Kaplan-Meier (KM) analysis underscored the importance of differentially expressed genes identified in the groups divided by genes participated in NETs, with enrichment analysis showing the mechanism. Correlation analysis revealed significant associations with B cells, NK cells, mast cells, T cells, plasma cells, dendritic cells, and monocytes. The IC values of drugs such as all-trans-retinoic acid (ATRA), axitinib, doxorubicin, methotrexate, sorafenib, and vinblastine were increased, while dasatinib exhibited a lower IC. A total of 13 NET-related genes were selected in constructing the risk model. In the training, testing, and merged cohorts, KM analysis demonstrated significantly improved survival for low-risk cALL patients compared to high-risk cALL patients ( < 0.001). The area under the curve (AUC) indicated strong predictive performance. Experiments in Jurkat and SUP-B15 revealed that TRIM8 knockdown decreased the proliferation of leukemia cell lines. Further experiments demonstrated a more favorable prognosis in mice with TRIM8-knockdown leukemia cells. Results of cell lines and animals showed better outcomes in prognosis when TRIM8 was knocked down.

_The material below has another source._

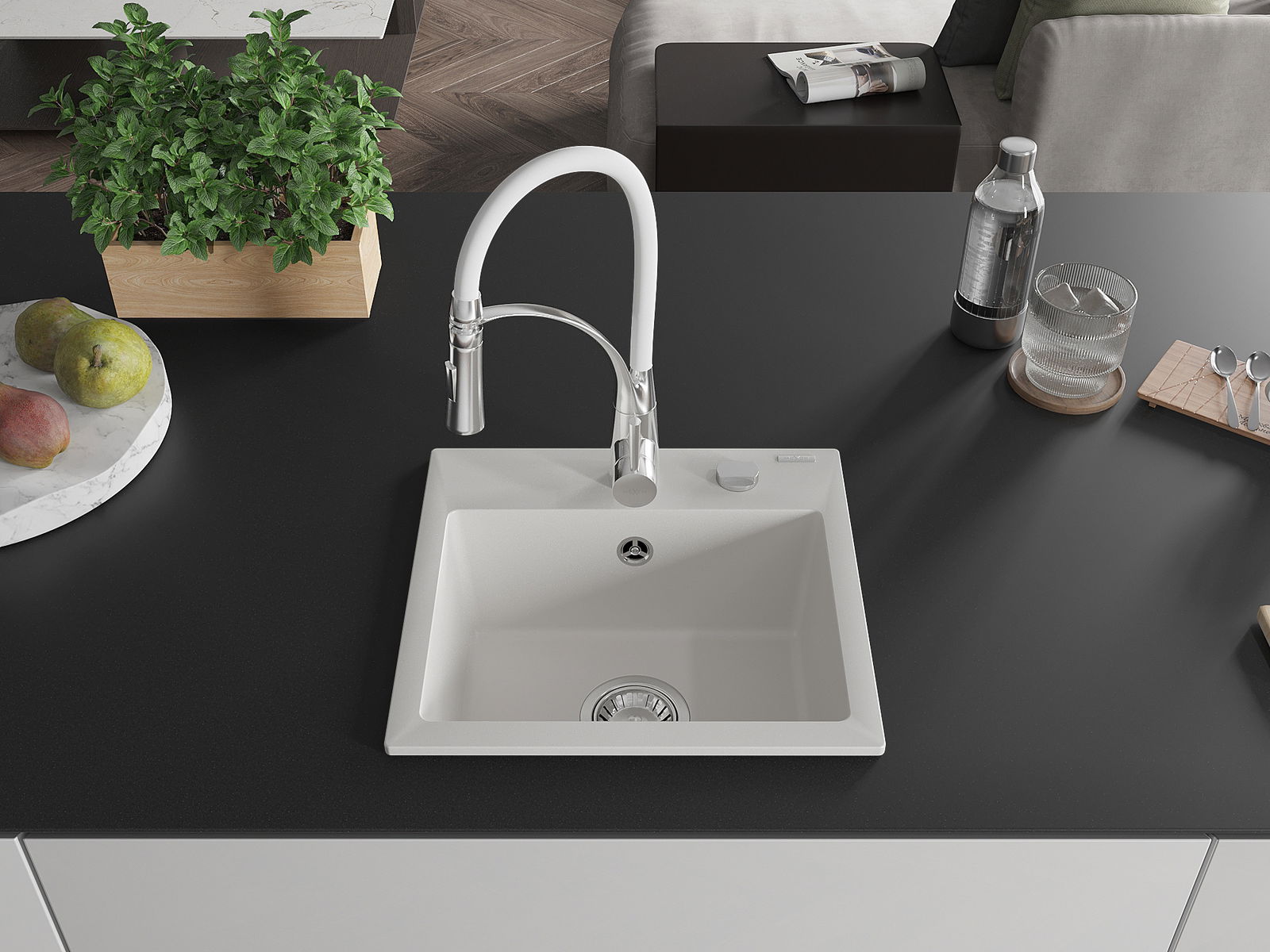 A mosogató magas minőségű gránitból készült. Elegáns, de mindenekelőtt praktikus kiegészítője minden konyhának, függetlenül annak stílusától. A gránit magas minősége és tartóssága hosszú távú használatot biztosít.

We identified a novelty in a prognostic model that could aid in the development of personalized treatments for cALL patients. Furthermore, it revealed that the expression of TRIM8 is a contributing factor to the proliferation of leukemia cells and worsens the prognosis of cALL.
中性粒细胞胞外诱捕网(NETs)与癌细胞的转移、发生及免疫逃逸有关。我们研究了NET相关基因在儿童急性淋巴细胞白血病(cALL)患者中的预后价值。
对从公共数据库收集的样本进行差异基因表达分析。根据NET相关基因的表达水平对样本进行分组,评估免疫细胞类型与cALL预后不良风险评分之间的相关性,并评估cALL中使用的药物的敏感性。我们进一步整合生存数据对组进行划分。随后,利用多变量Cox算法、最小绝对收缩和选择算子(LASSO)以及单变量分析等方法建立预测预后的风险模型。进行细胞系和动物实验以探索模型选择的基因TRIM8的功能。为了验证TRIM8在白血病发展中的作用,在T-ALL和B-ALL小鼠中采用慢病毒介导的TRIM8过表达或敲低。
Kaplan-Meier(KM)分析强调了在按参与NETs的基因划分的组中鉴定出的差异表达基因的重要性,富集分析显示了其机制。相关性分析揭示了与B细胞、NK细胞、肥大细胞、T细胞、浆细胞、树突状细胞和单核细胞的显著关联。全反式维甲酸(ATRA)、阿昔替尼、多柔比星、甲氨蝶呤、索拉非尼和长春碱等药物的IC值升高,而达沙替尼的IC值较低。在构建风险模型时共选择了13个NET相关基因。在训练、测试和合并队列中,KM分析表明,与高危cALL患者相比,低危cALL患者的生存率显著提高(<0.001)。曲线下面积(AUC)表明具有强大的预测性能。Jurkat和SUP-B15细胞系实验表明,TRIM8敲低可降低白血病细胞系的增殖。进一步实验表明,TRIM8敲低的白血病细胞小鼠预后更佳。细胞系和动物实验结果表明,TRIM8敲低时预后更好。
我们在预后模型中发现了一个新特点,这有助于为cALL患者开发个性化治疗方案。此外,研究表明TRIM8的表达是白血病细胞增殖的一个促成因素,会使cALL的预后恶化。